◆ WORK ORDER ◆
Skipping the images, transcribe each record below as it is.
THE DATA Block Start
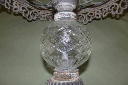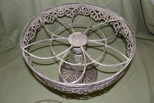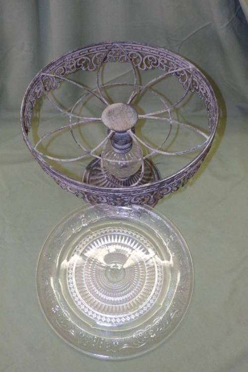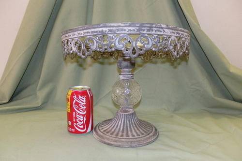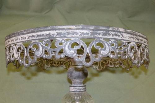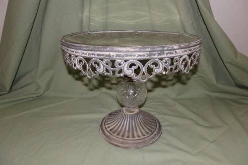 THIS INCREDIBLE "FOOTED" METAL CAKE/ PASTRY STAND WITH A BEAUTIFUL DETAILED GLASS PLATE AND LACE WORK AROUND THE STAND HAS A WONDERFUL VINTAGE/ ANTIQUE LOOK PAINT TECHNIQUE. THE CAKE STAND MEASURES A VERY DECENT 30cm ACROSS AND IS 25cm TALL. THERE ARE NO CHIPS OR CRACKS IN THE REMOVABLE GLASS PLATE. THE STEM OF THE STAND ALSO HAS A ROUND GLASS BAUBLE. THIS IS A STUNNING PIECE AND WOULD BE IDEAL FOR TARTS, MUFFINS AND SCONES TOO.
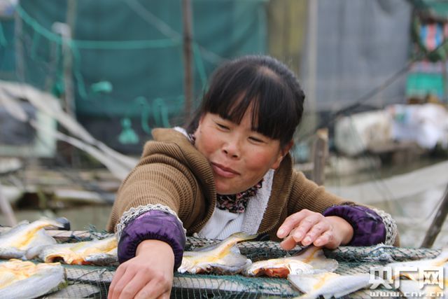 在家門口、街道邊,常有漁民在勞作,有的在剝生蠔,有的在晾曬黃魚干,村民說:“新鮮的黃魚一斤20塊左右,曬成魚干后一斤可以賣到五六十!毕迦烁噙是從事自己熟悉的漁業(yè)相關工作。
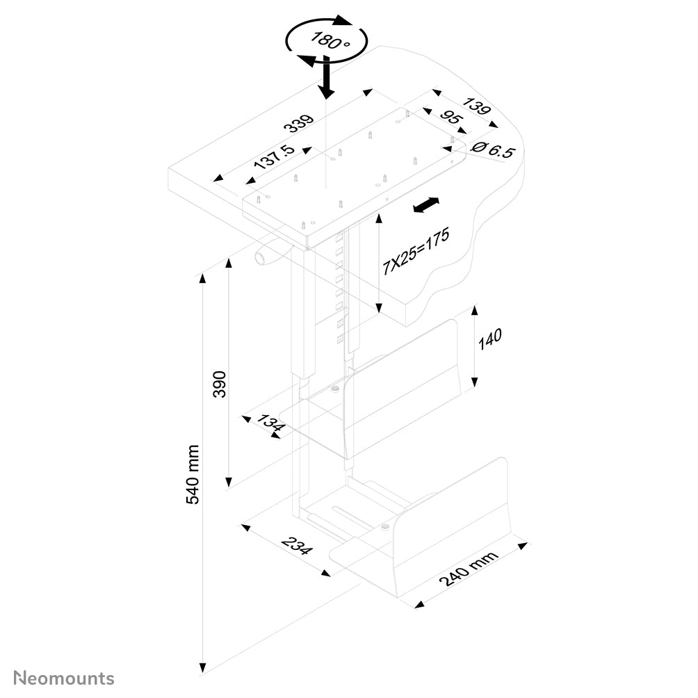 Neomounts CPU-D250 - Kit de montage (montage de CPU) - modèle pivotant - argent - sous le bureau
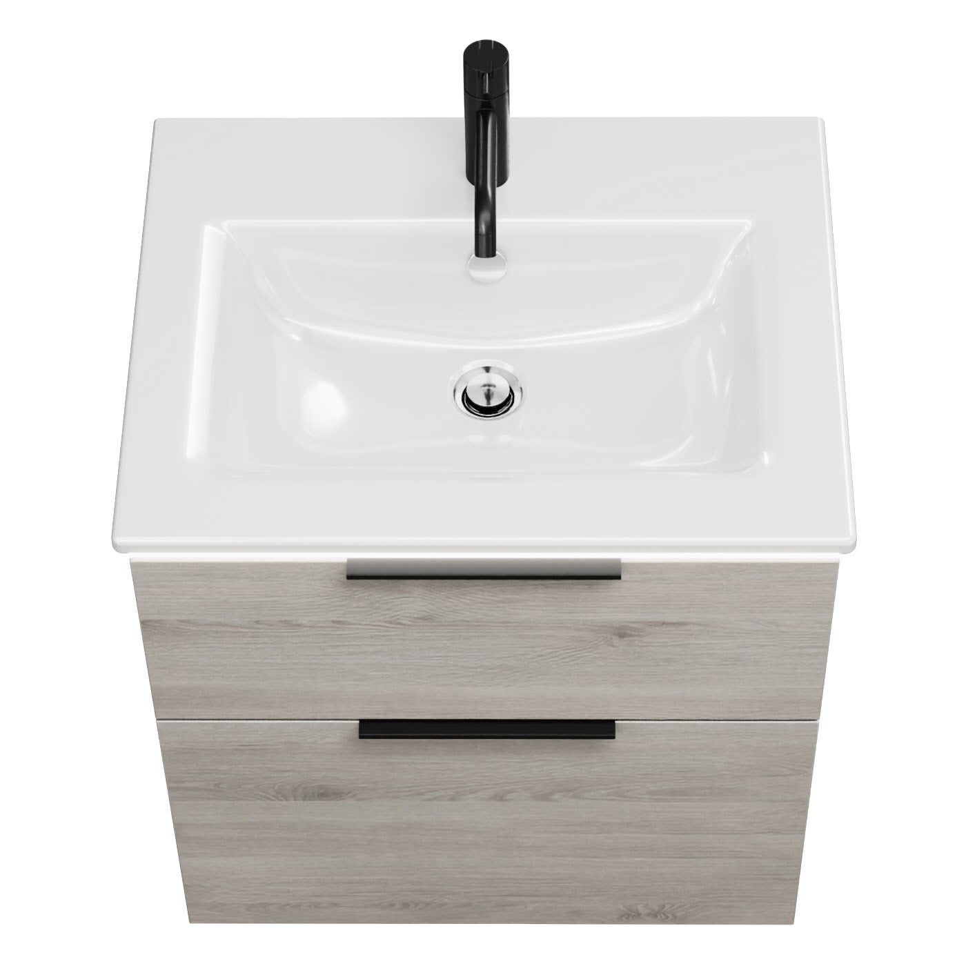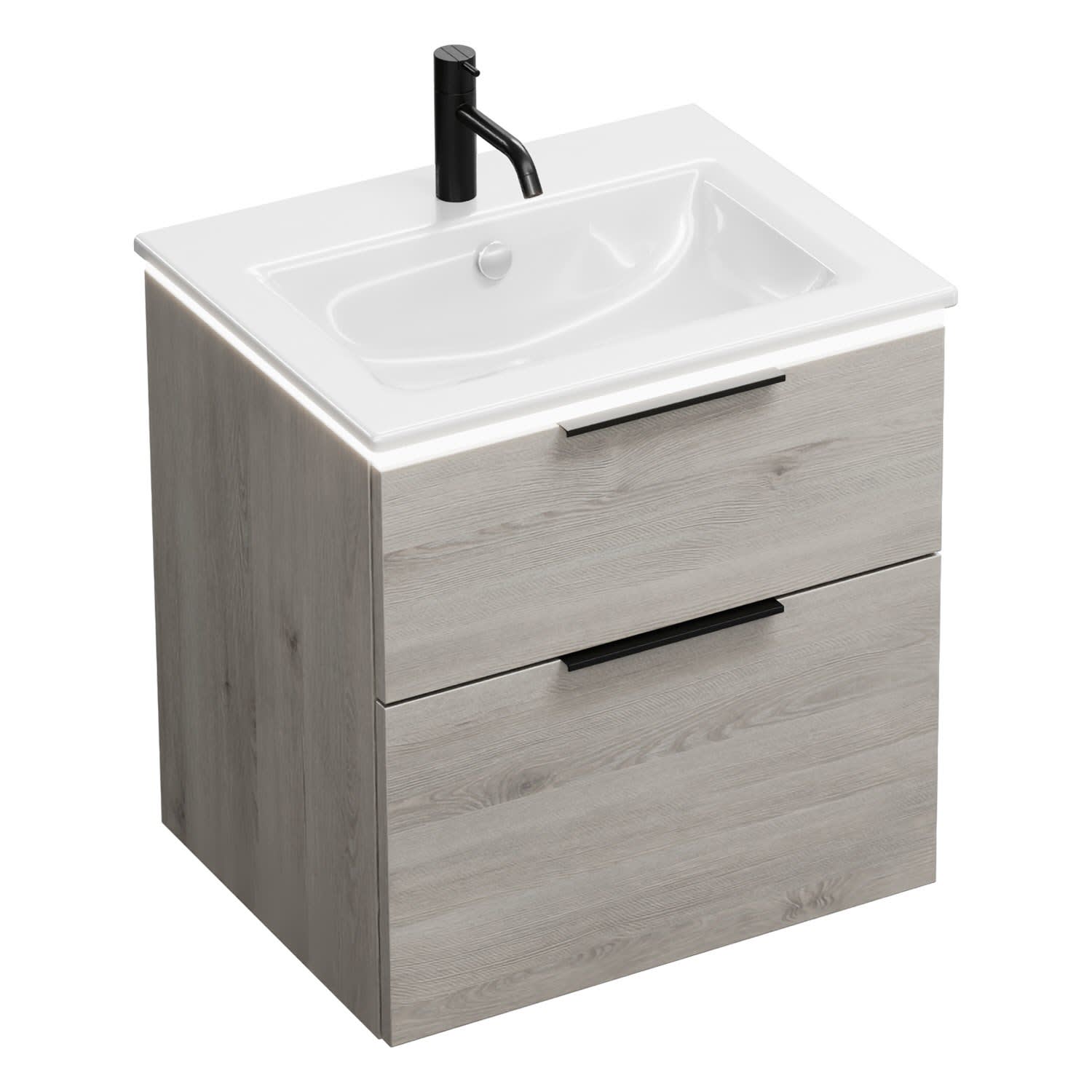burgbad Eqio Waschtischkombination mit Keramik-Waschtisch Slim und LED-Beleuchtung, 62 cm, mit Griff G0200
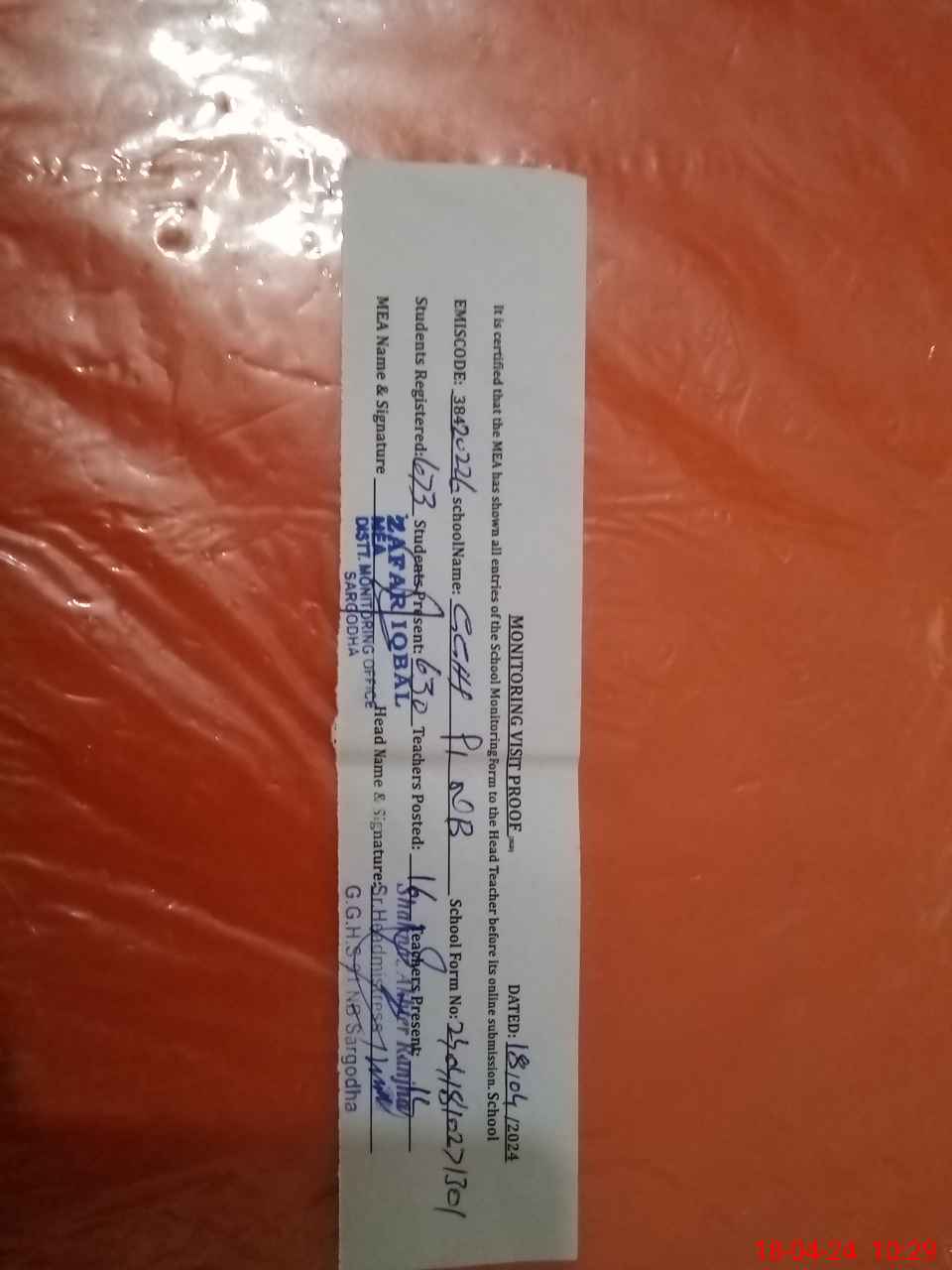 | Attendance Register | Head Teacher | MEA with School | Visit Proof |
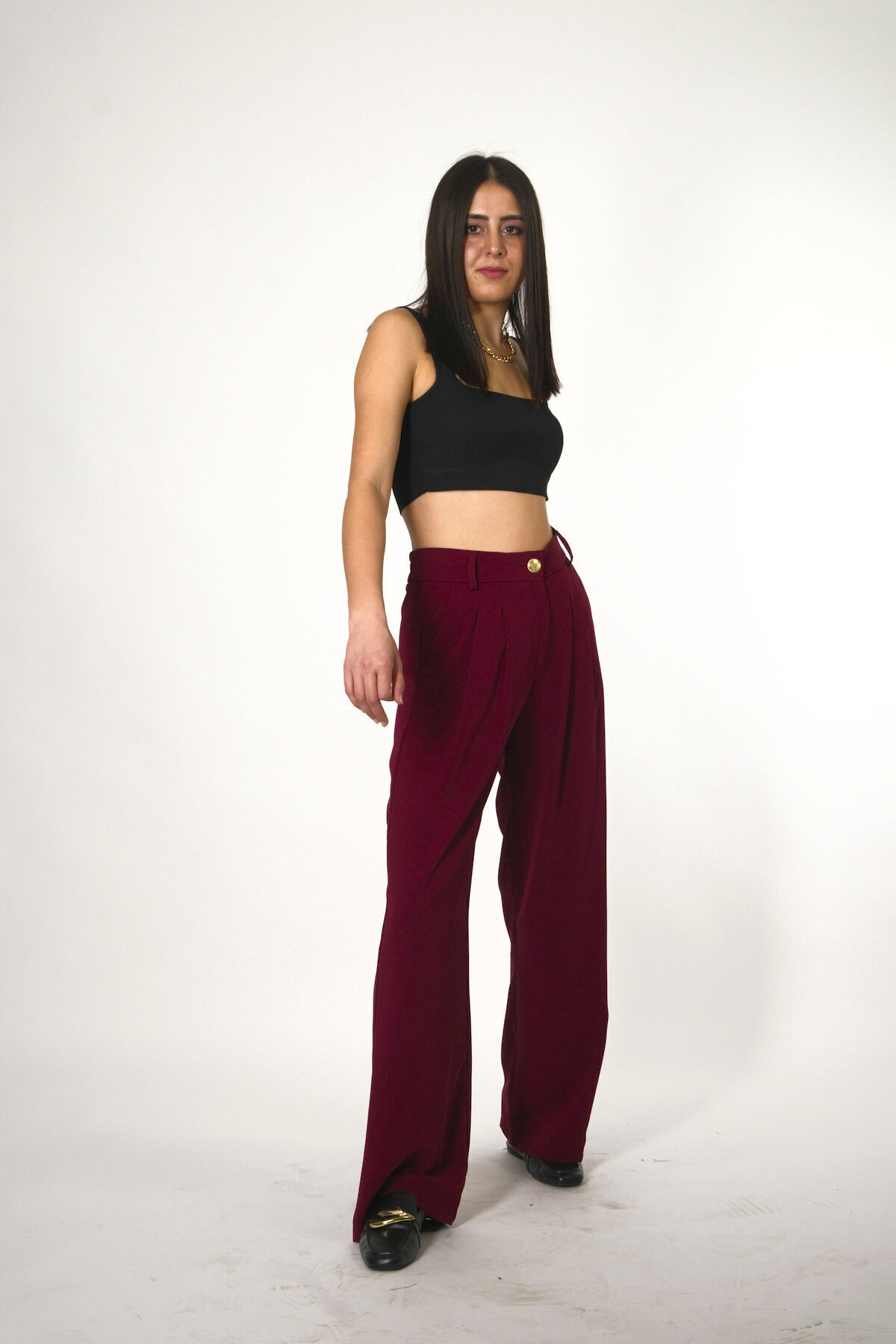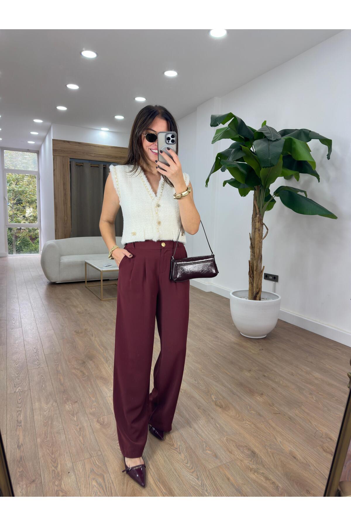 Gold Düğmeli Palazzo Pantolon - Bordo Gold Düğmeli Palazzo Pantolon - Bordo TYC752F3F3EA800C838F32500 L
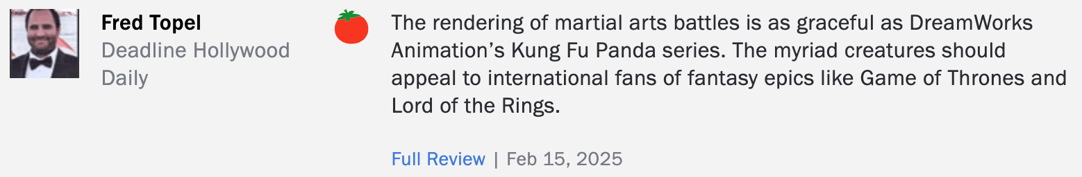 记者17日查看国际知名影评网站“烂番茄”发现,有来自Deadline Hollywood Daily的专业影评人对《哪吒2》进行了评价。该影评人表示,《哪吒2》对武打场面的渲染,与梦工厂动画片《功夫熊猫》系列电影一样优美。影片中各式各样的生物,应该会吸引喜欢《权力的游戏》和《指环王》等奇幻史诗电影的国际粉丝。
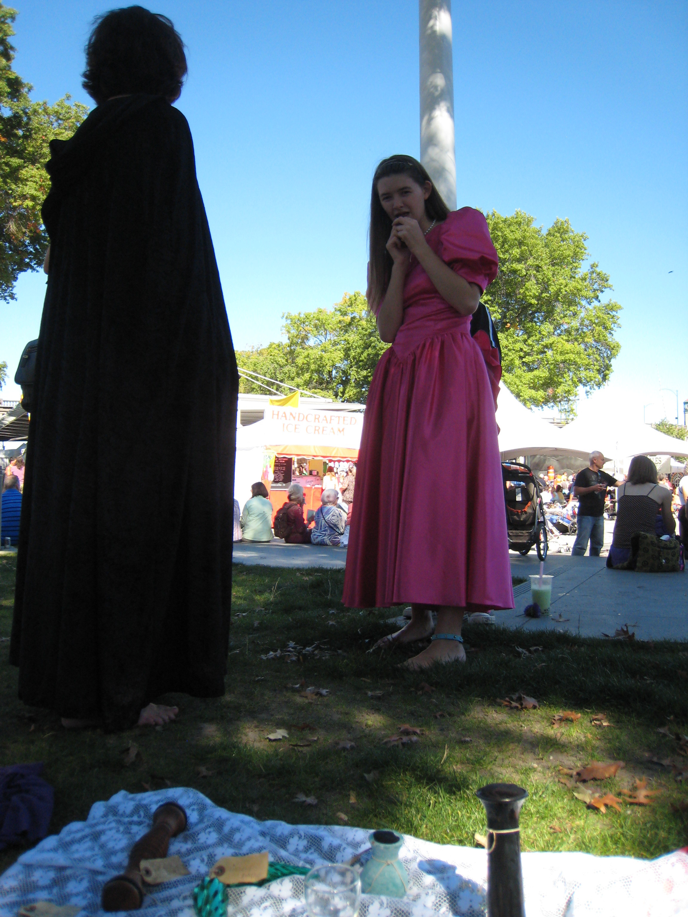 Death: I really enjoyed doing this. I got to see some friends, meet AP R and sell stuff in a British accent. Not to mention drink poison. I sold Insanity (a shirt that said insanity in cursive and had zig-zag line going down the side), and troll-proof-ness.... (a ritual I preformed with a sparkly ribbon.)
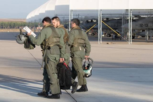 ·Pilotos del Ala 12 se dirigen a sus cazabombarderos EF-18 sitos en la plataforma de la Base Aérea de Torrejón (Madrid). (foto Javier Sánchez)
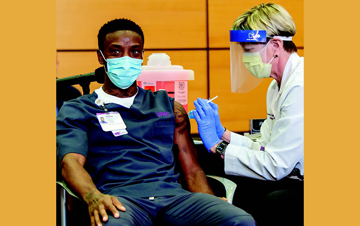 JA’RAY GAMBLE, 29, was among the first UPMC employees to receive the first part of the new COVID-19 vaccine, which arrived Monday morning, Dec. 14, at UPMC Children’s Hospital. (Photo courtesy UPMC)
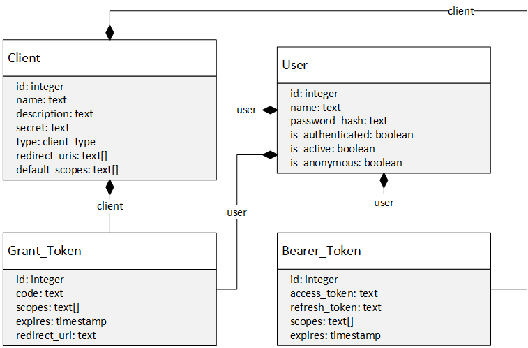 A last missing fragment is the database schema which persistently stores the users, clients and tokens referred above:
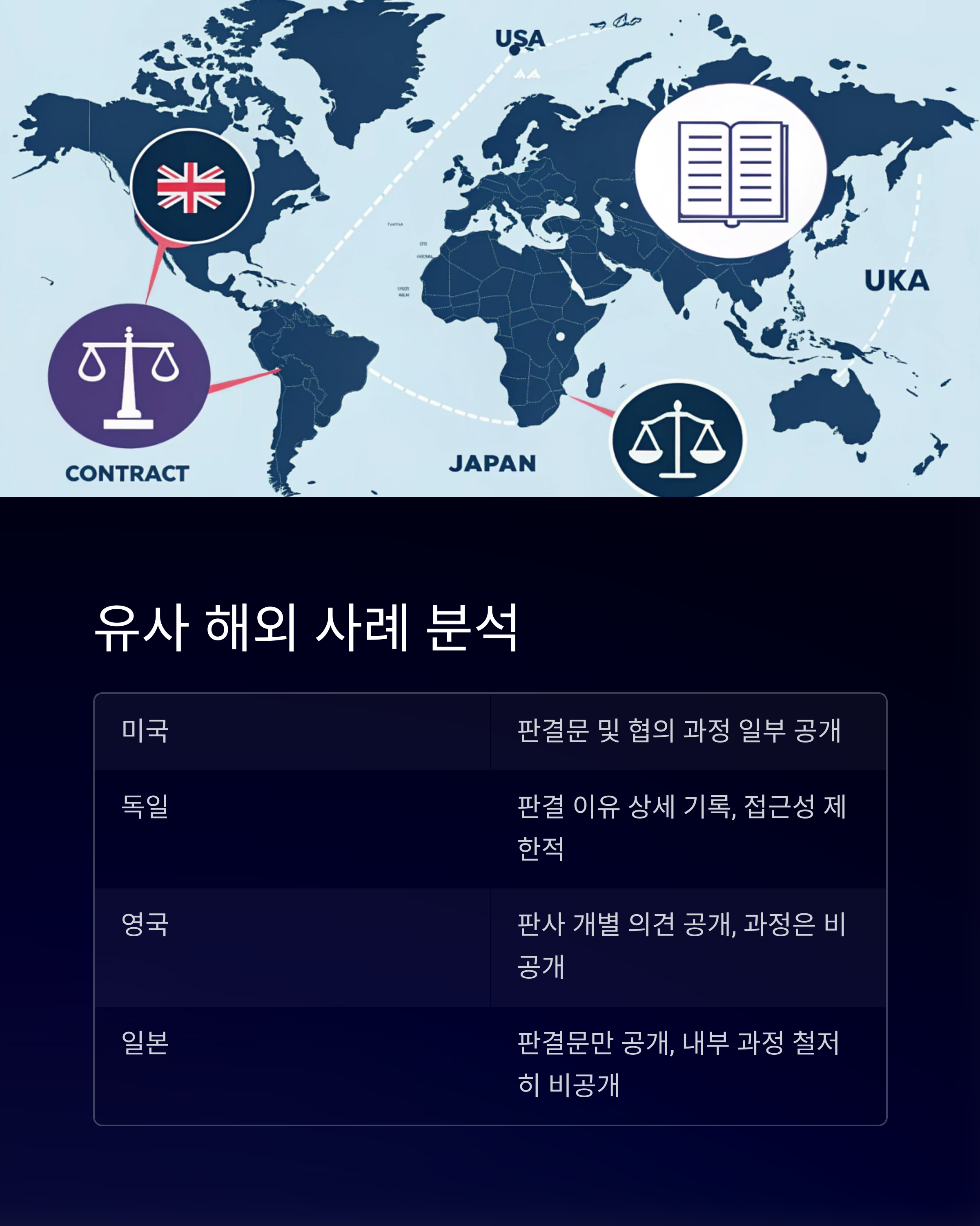현행 정보공개법과 전자문서법 등에 따르면 공공기관의 행정 정보는 원칙적으로 공개가 가능하나, 사법부의 판결 과정은 비공개 대상에 해당할 수 있습니다. 대법원 내부 규정에서도 재판관의 판결 결정 과정은 보호 대상입니다. 하지만 국민의 알 권리와 공공의 이익이라는 명분이 충돌하는 상황에서, 법률적 해석을 둘러싼 논쟁이 거세게 이어지고 있습니다.
THE DATA Block End
◆ EXERCISE SOLUTION ◆
 THIS INCREDIBLE "FOOTED" METAL CAKE/ PASTRY STAND WITH A BEAUTIFUL DETAILED GLASS PLATE AND LACE WORK AROUND THE STAND HAS A WONDERFUL VINTAGE/ ANTIQUE LOOK PAINT TECHNIQUE. THE CAKE STAND MEASURES A VERY DECENT 30cm ACROSS AND IS 25cm TALL. THERE ARE NO CHIPS OR CRACKS IN THE REMOVABLE GLASS PLATE. THE STEM OF THE STAND ALSO HAS A ROUND GLASS BAUBLE. THIS IS A STUNNING PIECE AND WOULD BE IDEAL FOR TARTS, MUFFINS AND SCONES TOO.
 在家門口、街道邊,常有漁民在勞作,有的在剝生蠔,有的在晾曬黃魚干,村民說:“新鮮的黃魚一斤20塊左右,曬成魚干后一斤可以賣到五六十!毕迦烁噙是從事自己熟悉的漁業(yè)相關工作。
 Neomounts CPU-D250 - Kit de montage (montage de CPU) - modèle pivotant - argent - sous le bureau
burgbad Eqio Waschtischkombination mit Keramik-Waschtisch Slim und LED-Beleuchtung, 62 cm, mit Griff G0200
 | Attendance Register | Head Teacher | MEA with School | Visit Proof |
 Gold Düğmeli Palazzo Pantolon - Bordo Gold Düğmeli Palazzo Pantolon - Bordo TYC752F3F3EA800C838F32500 L
 记者17日查看国际知名影评网站“烂番茄”发现,有来自Deadline Hollywood Daily的专业影评人对《哪吒2》进行了评价。该影评人表示,《哪吒2》对武打场面的渲染,与梦工厂动画片《功夫熊猫》系列电影一样优美。影片中各式各样的生物,应该会吸引喜欢《权力的游戏》和《指环王》等奇幻史诗电影的国际粉丝。
 Death: I really enjoyed doing this. I got to see some friends, meet AP R and sell stuff in a British accent. Not to mention drink poison. I sold Insanity (a shirt that said insanity in cursive and had zig-zag line going down the side), and troll-proof-ness.... (a ritual I preformed with a sparkly ribbon.)
 ·Pilotos del Ala 12 se dirigen a sus cazabombarderos EF-18 sitos en la plataforma de la Base Aérea de Torrejón (Madrid). (foto Javier Sánchez)
 JA’RAY GAMBLE, 29, was among the first UPMC employees to receive the first part of the new COVID-19 vaccine, which arrived Monday morning, Dec. 14, at UPMC Children’s Hospital. (Photo courtesy UPMC)
 A last missing fragment is the database schema which persistently stores the users, clients and tokens referred above:
현행 정보공개법과 전자문서법 등에 따르면 공공기관의 행정 정보는 원칙적으로 공개가 가능하나, 사법부의 판결 과정은 비공개 대상에 해당할 수 있습니다. 대법원 내부 규정에서도 재판관의 판결 결정 과정은 보호 대상입니다. 하지만 국민의 알 권리와 공공의 이익이라는 명분이 충돌하는 상황에서, 법률적 해석을 둘러싼 논쟁이 거세게 이어지고 있습니다.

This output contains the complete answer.